6/10
Minor but thoughtful High Noon wannabe for Fred MacMurray
1 September 2008
A sort of modest High Noon imitation which shows how even a fairly routine western back then could have some interesting things on its mind. Fred MacMurray is the new marshal of a town, and the witness to the killing of the previous one during a bank robbery, which means he's front and center in terms of responsibility for the impending hanging of the kid who did it, a local boy gone bad (Robert Vaughan). His High Noon moment comes when the whole town starts to get a liberal conscience about the kid's lack of proper upbringing, and starts to want to let him go, while only MacMurray stands up for hardcore law and order values.

If the politics of the film are as anachronistic as the tidiness of the supposed western town (which feels like a soporific 50s sitcom suburb as much as it does anything on the prairie), the clash of 50s juvenile delinquent-movie progressive attitudes and a Dirty Harry/Reaganesque law and order type is strikingly ahead of its time.
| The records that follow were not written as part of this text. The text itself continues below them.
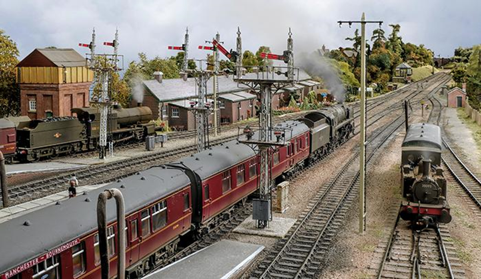 All stock on the layout is owned by the operators but we are very particular about what is allowed and how it’s portrayed. The period we chose to model gives a bit of leeway as it was a period of change. The layout is fully Digital Command Control (DCC) fitted using the Digitrax system and we aim to get the best out of this form of control. Most locomotives are sound fitted and one of our group is developing a unique steam system which has to be seen to be believed. It is very realistic and has already caused much comment at the exhibitions we have attended. Look out for it operating at the Great Electric Train Show in October. The coaches are a mix of Bachmann Mk 1s and Hornby Maunsells with some kit built examples thrown in where an item is not available ready-to-run such as the Stanier 12 wheel diner in the ‘Pines Express’ and many of the London and North Eastern Railway coaches. We still await some up to date Bulleid stock and in the meantime have to rely on a mix of detailed Bachmann and kit built vehicles. Rakes are permanently coupled and we developed our own coupling system to allow close coupling whilst still enabling pulling and propelling through the complex of station point work. Ends of the rakes are fitted with Kadees as are all the locomotives. These couplings are fantastically reliable if fitted correctly. The station pilot is either a kit built ‘M7’ 0-4-4T (South Eastern Finecast) or a Bachmann Ivatt ‘2MT’ 2-6-2T. Both are fitted with auto uncouplers, again something only DCC allows us to do. Bulleid ‘Pacifics’, both unrebuilt and rebuilt are all Hornby, ex-LMS types are Bachmann and Hornby as are the BR Standards. Most of the classes of locomotive that ran into Bournemouth West during the period modelled are represented. In the wings, and awaiting trials is the new Hornby ‘Lord Nelson’ 4-6-0. Where locomotives are not available ready-to-run they are kit built such as a ‘Q’ 0-6-0 which operates a Salisbury train. All locomotives have had a number changes to represent known visitors and they all have real coal, crews and the appropriate lamp or disc codes.
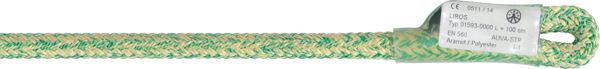 Professionel arborist line i færdig længde med syede øjer (1,5 cm) i hver ende. Uovertruffen slidstyrke, selv ved høje temperaturer, med hybridfibre i strømpen som hæmmer smeltning. 20-flettet med perfekt hæftning mellem strømpe og kerne. Brudstyrke: ca. 2,2 ton. Opfylder kravene til cetifikatet DIN EN 566 Strømpe: Polyester / Aramid. Kerne: HT Polyester
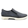 Pegada Ανδρικό δερμάτινο Slip On με μικρά λάστιχα στην εξωτερική και εσωτερική πλευρά σε μπλε χρώμα. Στο σημείο της φτέρνας είναι ενισχυμένο με gel, για να πατάει η φτέρνα μαλακά. Ελαφριά και αντιολισθητική σόλα.
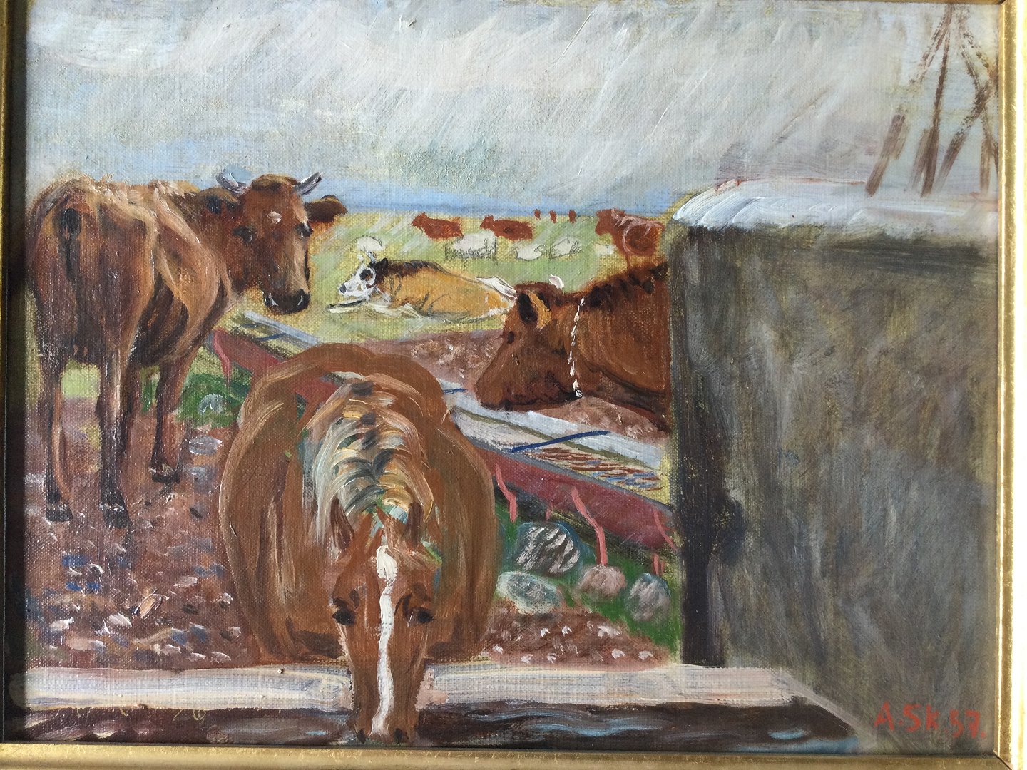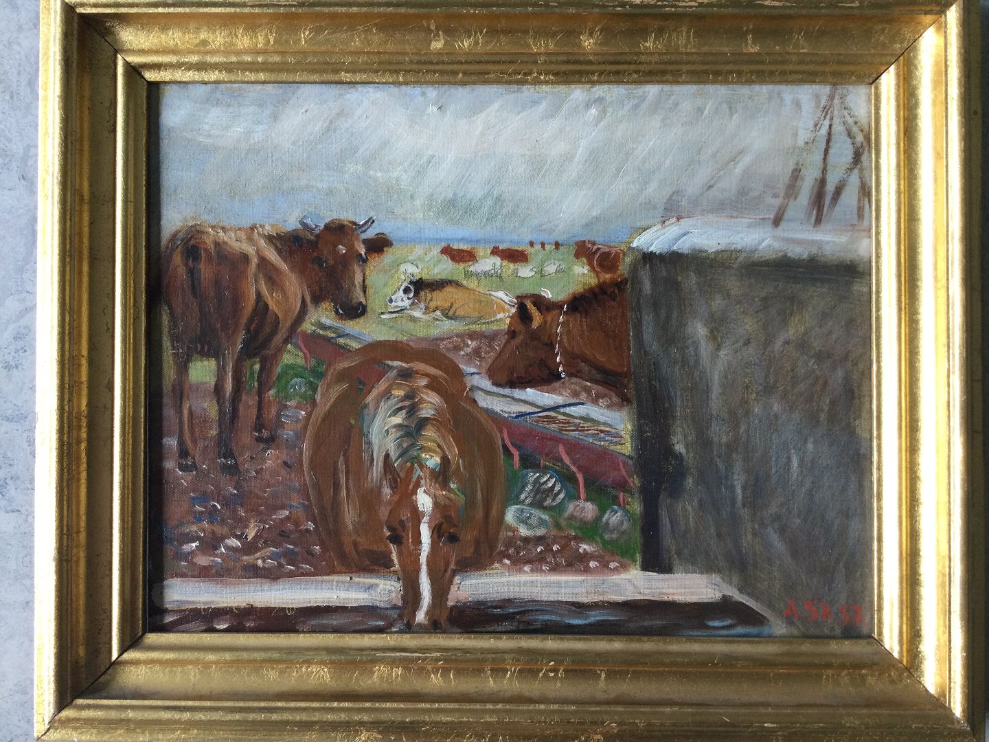 Text zugänglich auf Dänische: Maleri af Axel Skjelborg - Heste og køer bed Gammelgårds Brønd, Saltholm 1957.

Or maybe, like High Noon, it's making a blacklist/McCarthyism parallel, except here it's justifying following the law (ie, naming names) to a T even when it makes you unpopular with those who would cut the bad guys some slack. Anyway, Nathan Juran is no poetic western stylist, and Fred MacMurray is stalwart but not as intensely compelling as, say, Randolph Scott, but it's an interesting little movie nonetheless.